|
I'm skeptical about some vector databases these days, but your article misses a few import points when it comes to LLMs. 1. To use LLMs effectively, you often need to generate and store more than 1 vector per document. 10 million vectors may only be 100,000 documents. This may still be enough for alot of small problems.
2. Pgvector currently has great limitations on recall/latency because underlying its ANN its using IVF (I'm currently working on adding HNSW-IVF and HNSW support to PGVector). In some cases, even elasticsearch can have issues with scale (the problem comes from the constraint of one ANN index per index segment, and immutability).
3. Pre-calculate seems like the wrong word to describe HNSW graph construction. I think a point you miss that is important to consider for LLM + vector DBs is the fact that so much of the complexity of these uses cases cannot be captured by the vector DB (e.g. pinecone, chroma, qdrant, etc).

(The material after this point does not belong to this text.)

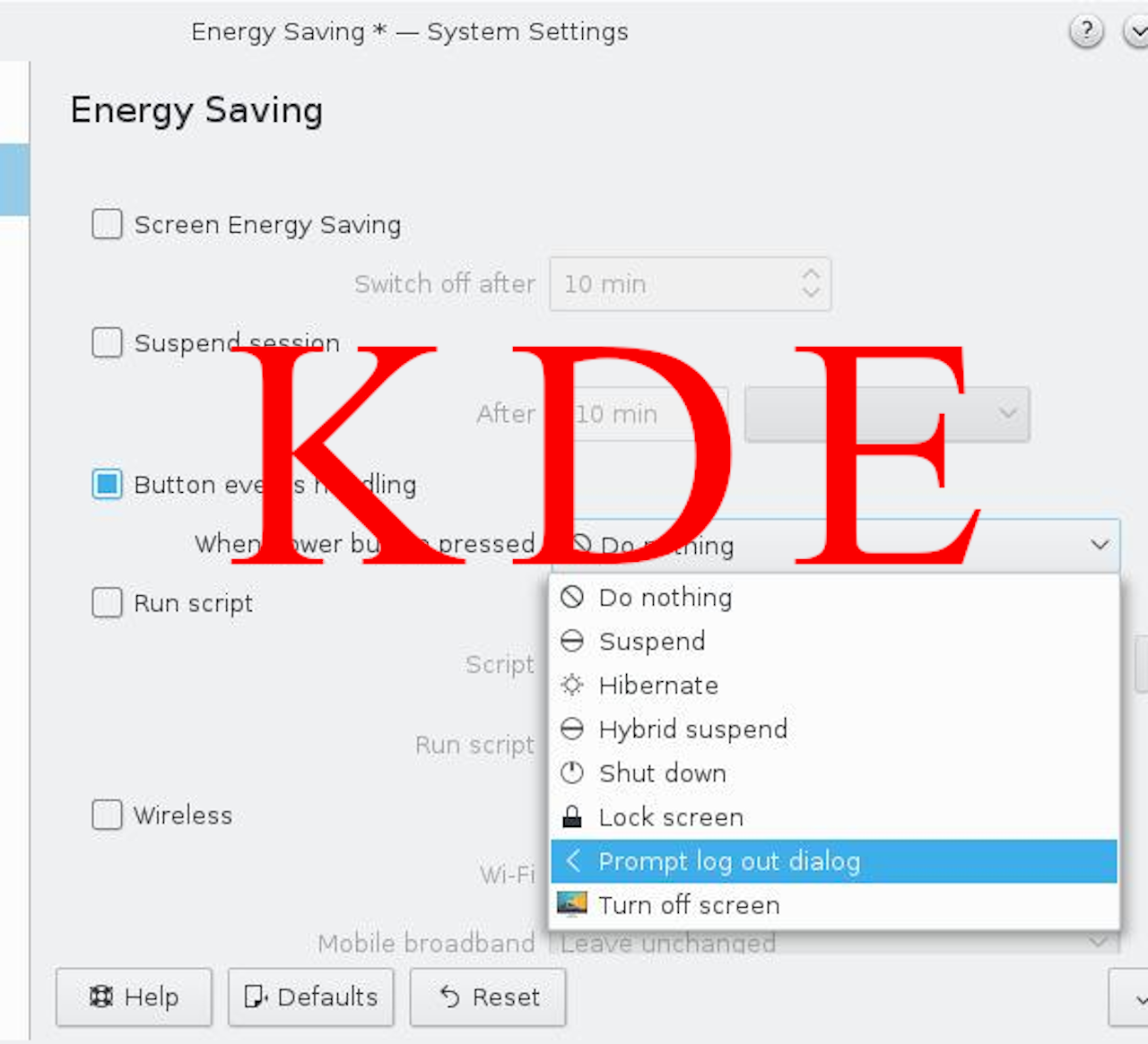 对于任何桌面来说,此过程都是相似的。例如,KDE 在系统设置的电源管理面板中包含Buttong 事件处理选项。

I think there are some more end to end systems, at least in search, attempting to solve this (e.g Marqo, maybe Weaviate). Overall, I like the article. It makes a worthwhile claim and counterpoint to all the vector DB hype. |
Disclaimer: I work for Qdrant, and we believe a database should be just a database. I remember attempting to move logic to the database layer and coupling neural encoders into the vector database sounds the same.